Herpes and Pregnancy: What You Should Know
Can I deliver vaginally?
If you are not experiencing an active herpes outbreak, your doctor will most likely suggest a vaginal delivery (but he or she will plan on avoiding routine use of instruments). However, some doctors will proceed with a C-section. Unfortunately, as of 2007, there is insufficient information to clearly support one option or the other, says the IHA. As a result, this decision will need to be made by you and your doctor.
You and your doctor will also need to consider when you contracted herpes. If you were infected before your pregnancy, vaginal delivery is usually a safe option. The American Social Health Association (ASHA) says women who’ve acquired HSV prior to pregnancy have a lower risk of transmitting the virus to their babies. “This is because their immune systems make antibodies that are temporarily passed to the baby through the placenta.
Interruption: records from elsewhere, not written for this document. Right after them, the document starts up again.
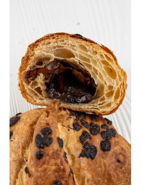 Идеальное сочетание золотистой, хрустящей корочки из слоёного теста и нежной, влажной сердцевины, внутри которой тает ароматный шоколад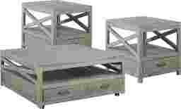 Complete your living room look with the stylish Savenay occasional table set. Featuring three tables, ample storage and pine solid construction with an attractive, weathered gray finish, the rustic appearance of this set makes it a must have.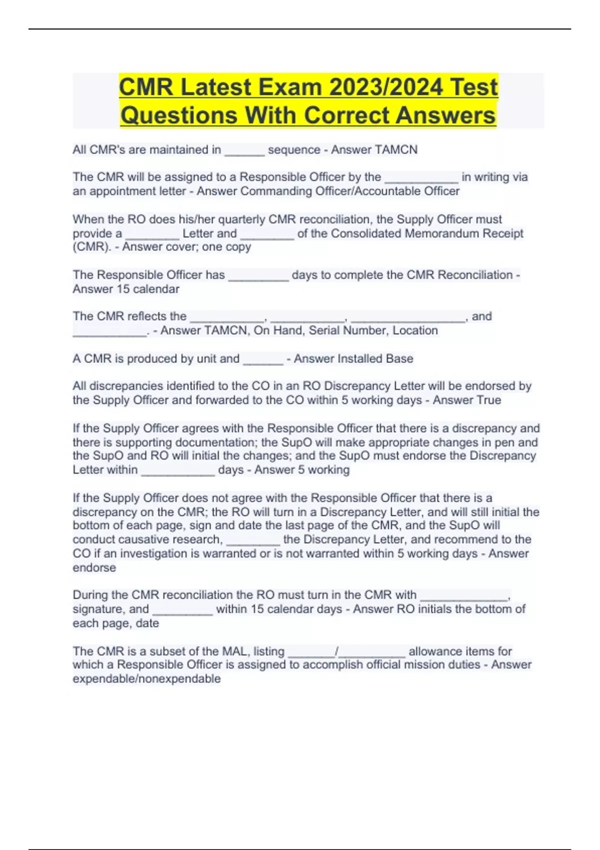CMR Latest Exam 2023/2024 Test Questions With Correct Answers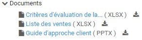 Cette section répertorie tous les documents liés à l’objet considéré. Cela fournit aux utilisateurs une liste de documents pertinents, ainsi que la possibilité d’accéder directement à ces documents. Les utilisateurs fournissent en outre des détails concernant le type de document (docx, pptx, URL, xlsx, etc.)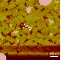 Second, we prepared cyclops DNA Origami. Cyclops DNA Origami is not using staple strands in middle of Smiley DNA origami. We shown Fig. 13 to the result of AFM observation. This result show that the one-eyed smiley “Cyclops” was prepared. As expected, smiley DNA Origami was shrunk by blunt-end π–π stacking interactions within a molecule. Farther, we added staple strands of middle of Smiley DNA origami. In the result, cyclops DNA origami transformed the smiley DNA origami (Fig. 14).

Even if herpes is active in the birth canal during delivery, the antibodies help protect the baby,” ASHA reports.
Pregnant women who are infected with genital herpes for the first time near the time of their delivery have a 30 to 50 percent chance of passing the infection on to their babies during a vaginal delivery whether they exhibit symptoms or not, adds the March of Dimes.
But, if you were first infected during the last trimester, “some doctors will recommend a Cesarean delivery under these circumstances, even if no outbreak is present,” says the IHA. A newly infected mother just doesn’t have the antibodies in place yet to fight this virus, so there isn’t enough natural protection for the baby to have a vaginal birth. (Also, new herpes infections are more active than older ones, increasing the possibility of a breakout in the birth canal during labor and delivery.)